One important implication of the present case study is the importance of NGS and liquid biopsy in detecting molecular alterations. If we had only performed ARMS-PCR for common EGFR mutations, the uncommon EGFR mutation H833V/H835L/R670W would not have been detected, and the patient would have missed the opportunity to be treated with TKIs, to which he had a good tolerance and favorable response. This was especially beneficial as this patient had intolerable side effects with chemotherapy. Therefore, as a high-throughput technique, NGS may allow more information to be obtained about molecular alterations, especially for the detection of uncommon mutations. Of all 6 patients reported in Table 1, cfDNA was only used in the present case. Metastatic bone specimens cannot be used for detection due to decalcification,16 and primary NSCLC lesions that are located close to the mediastinum and diaphragm cannot be obtained. Thus, liquid biopsy was the only way to detect the driving mutations in this patient, and dynamic liquid biopsy was necessary to determine the mechanism underlying the acquired resistance to TKI, which was necessary to guide clinical decisions about treatment strategy. After we detected the emergence of T790M, the patient received osimertinib and experienced partial remission.

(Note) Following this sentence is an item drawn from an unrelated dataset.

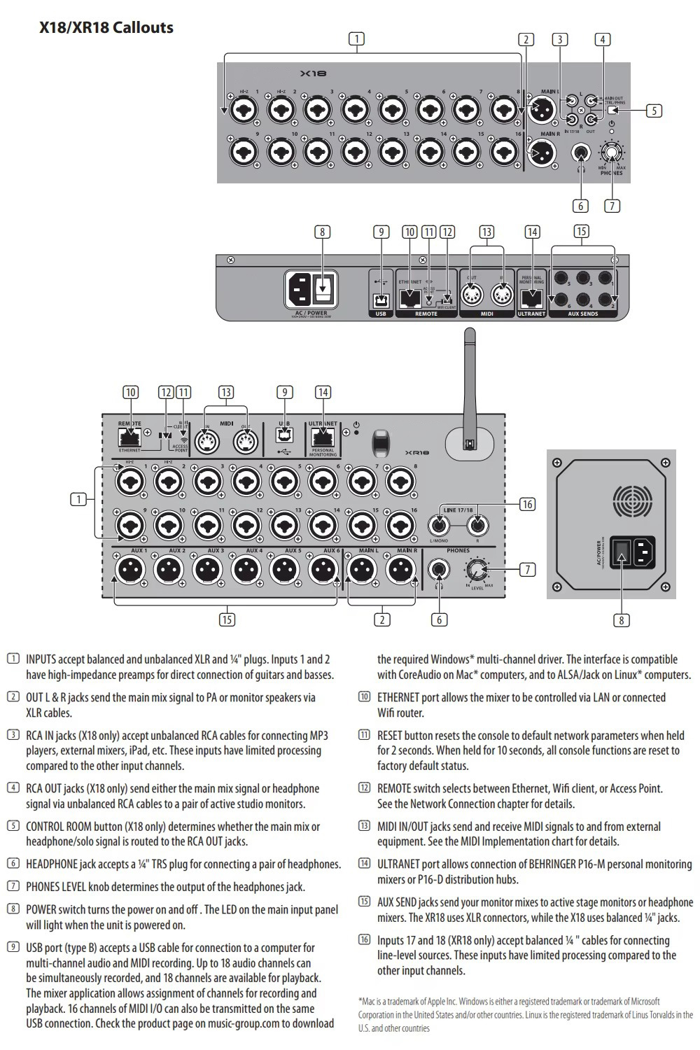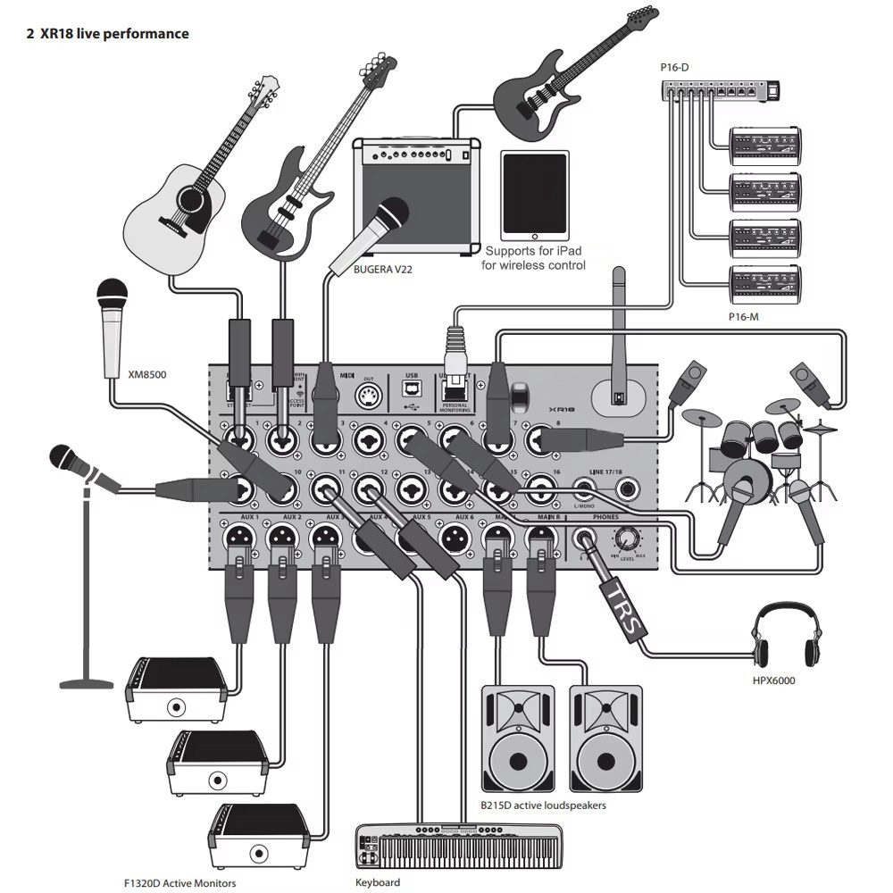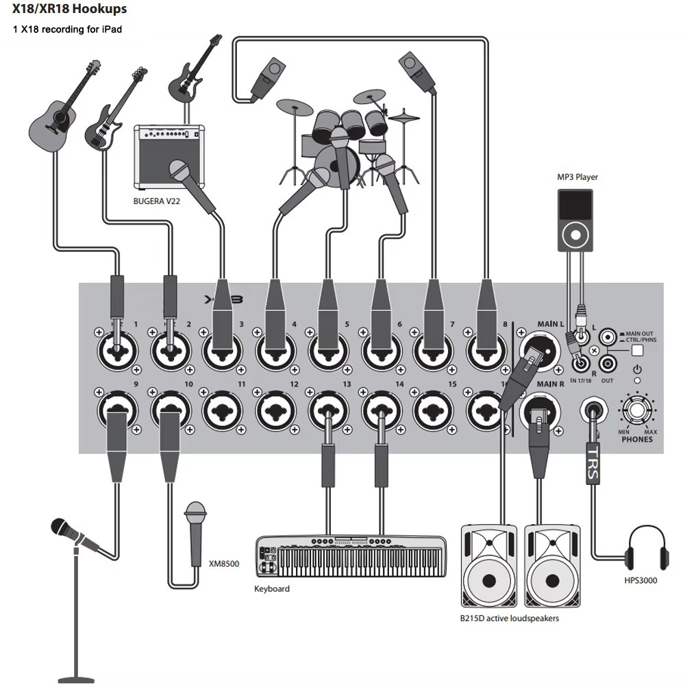 * The XR18 sports a fast, bi-directional 18 x 18 USB interface, making the XR18 a powerful digital mixing solution for recording directly to the digital audio workstation running on your iPad or computer. You can see how this arrangement can boost productivity in a live scenario, giving you an effortless, immaculate multitrack recording of the show to take back to your studio for post production. But whether you're capturing a live performance or tracking in the studio, you'll find the XR18 makes it amazingly easy to record great-sounding tracks.

In conclusion, because there are a relatively small number of cases with rare and/or complex mutations, it is not feasible to design a prospective trial. In addition, the impact of other rarer EGFR mutations is still unclear and remains difficult to define due to the very small number of cases. Thus, single case reports and small case series may be relevant for clinical practice orientation. Translational studies and establishment of a database will be instrumental for addressing many of these unanswered questions.